My journey to Amsterdam was exciting. This old lady is very intriguing with its impressive architecture, lovely canals crossing the city, great shopping, and friendly people. I spent a week going around as much as possible. There is something for every traveller’s taste here, whether you prefer culture and history, serious partying, or just the relaxing charm of a classic European city. In the South district you find the Museum Quarter and the Vondelpark, the most popular park here. I was walking around the park, when I found this fantastic frame (here below) . How can people throw away such lovely things! Without hesitation, I picked it up and it was a real challenge to go through custom to bring it to Italy. Once at the Eindhoven Airport, it was like smuggling hot stuff.
This kind of ornate antique frames are not usually made of carved wood. Instead, the frames have a wooden base with an ornate plaster veneer added to the top of the wood. The finish is then added to the entire frame so it appears to be a single carved piece.
Press plastic clay into an undamaged section of the frame that matches the damaged section. Carefully peel the clay off the frame and roll the edges so that it will hold liquid plaster. The purpose of this step is to make a mold.

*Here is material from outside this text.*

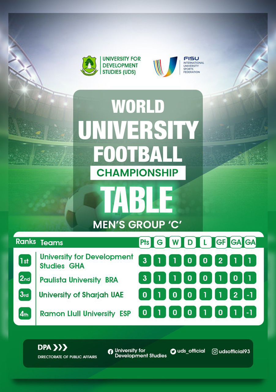Dalian, China – The University for Development Studies (UDS) has made Ghana proud by topping Group C at the ongoing 2025 FISU University World Cup in Dalian, China. The Ghanaian side kicked off their campaign in remarkable fashion, setting the pace for an exciting tournament.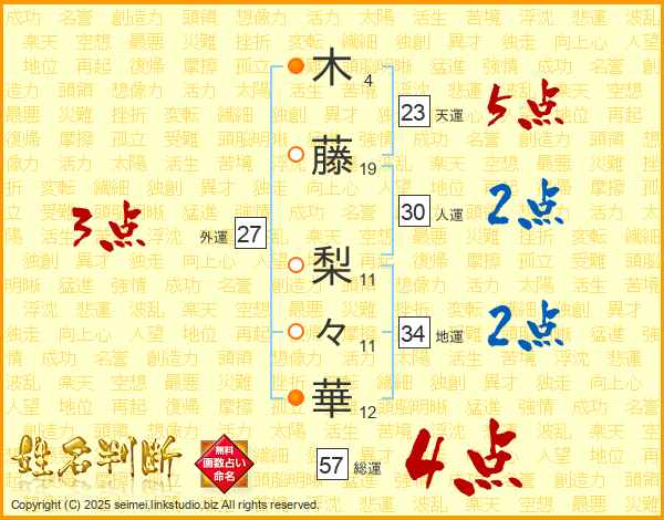 木(4画)藤(19画) 梨(11画)々(11画)華(12画)

Mix the plaster and pour it into the mold carefully trying to avoid air bubbles. Let it dry and then remove it from the mold. You now have a duplicate of the detail that was damaged.
Sand the rough edges and the excess of the casting until the pieces fits into the spot that was damaged.
Paint the entire piece of plaster with gesso. This will seal it and prepare it for the final finish.
Glue your plaster segment into place.
Paint or gild your final finish so that the new segment matches the original color and finish. Now the frame is finished and ready to be rehung!!!!